VRRP says that load balancing is possible, but AFAICT
leaves it out of scope.

> I don't want to try to read this RFC in order to imagine how it might
> work with I-R, so if you can describe how it would work, that would
> be good.

I touched on this above, which is just about as deep
as my understanding goes. In an nutshell, with VRRP
each router shares the same IP address, and each
router maintains synchronized state. One of the
routers is chosen as the primary, and the others
are designated as backups. If the primary fails,
one of the backups takes over sort of like an
uninterruptible power supply.

> > Using VRRP also reduces the "fanout" of VP-advertising routers
> > to just a single RLOC address, and so makes for less complexity
> > in ferrying CQs around the IRON.
>
> But if all VPRs are on the one IP address, this would radically alter
> the nature of the overlay network.  Also a single router might be VPR
> for multiple VPs - so I can't see how this would work.

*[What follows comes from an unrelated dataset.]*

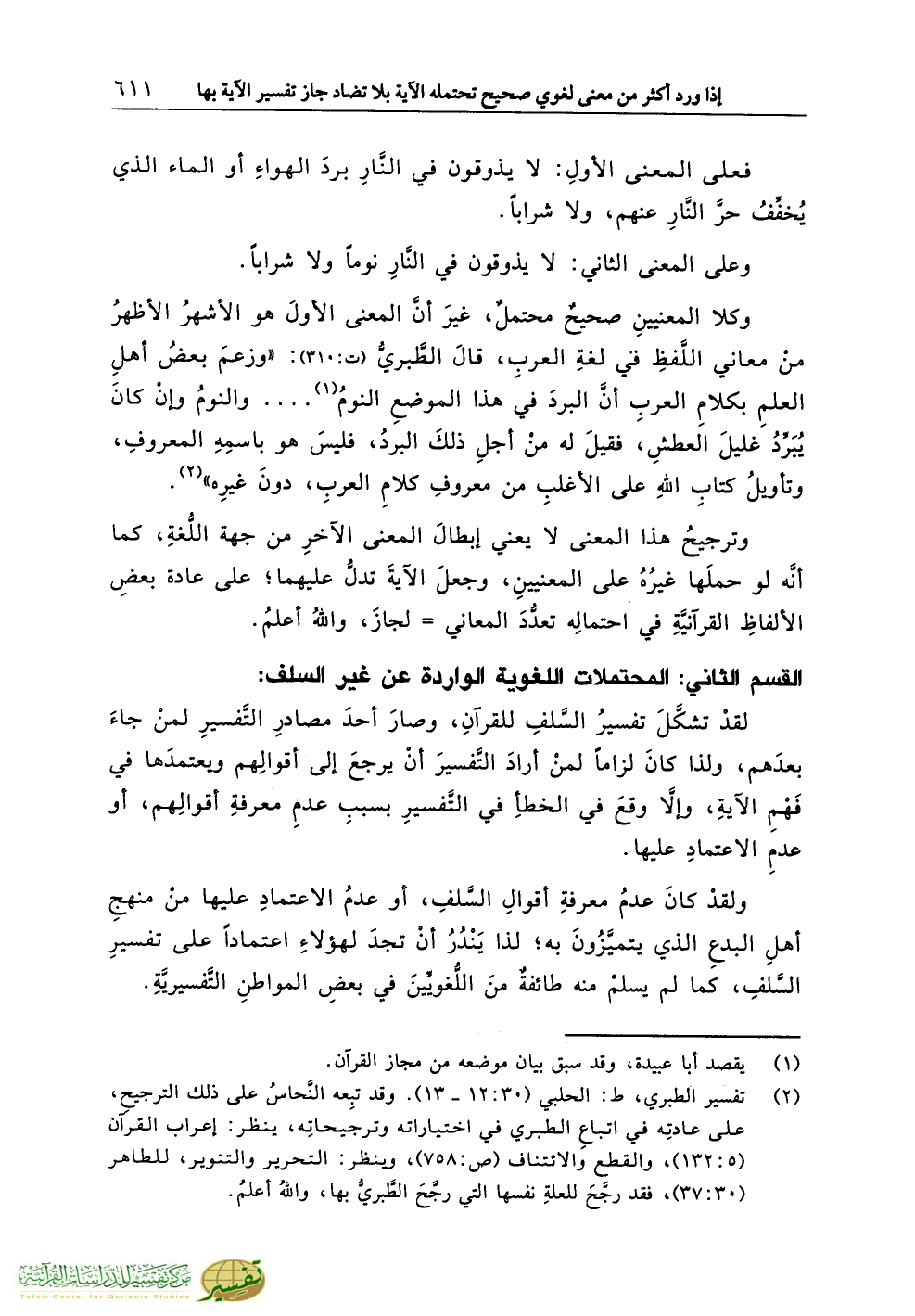 وكلا المعنيينِ صحيحٌ محتملٌ، غيرَ أنَّ المعنى الأولَ هو الأشهرُ الأظهرُ منْ معاني اللَّفظِ في لغةِ العربِ، قالَ الطَّبريُّ (ت:310): «وزعمَ بعضُ أهلِ العلمِ بكلامِ العربِ أنَّ البردَ في هذا الموضعِ النومُ (¬1) .... والنومُ وإنْ كانَ يُبَرِّدُ غليلَ العطشِ، فقيلَ له منْ أجلِ ذلكَ البردُ، فليسَ هو باسمِهِ المعروفِ، وتأويلُ كتابِ اللهِ على الأغلبِ من معروفِ كلامِ العربِ، دونَ غيرِه» (¬2).

No, it doesn't alter the overlay network in any way.

> A quick look into this RFC:
>
>   http://tools.ietf.org/html/rfc5798#section-5.1.1.2
>
> indicates that it relies on multicast.  I think VRRP is intended for
> multiple routers in a single local network, where multicast could be
> done.  I can't imagine how you could scalably implement multicast on
> the I-R overlay network.

No - not multicast over the I-R overlay network;
link-local multicast on an underlying link.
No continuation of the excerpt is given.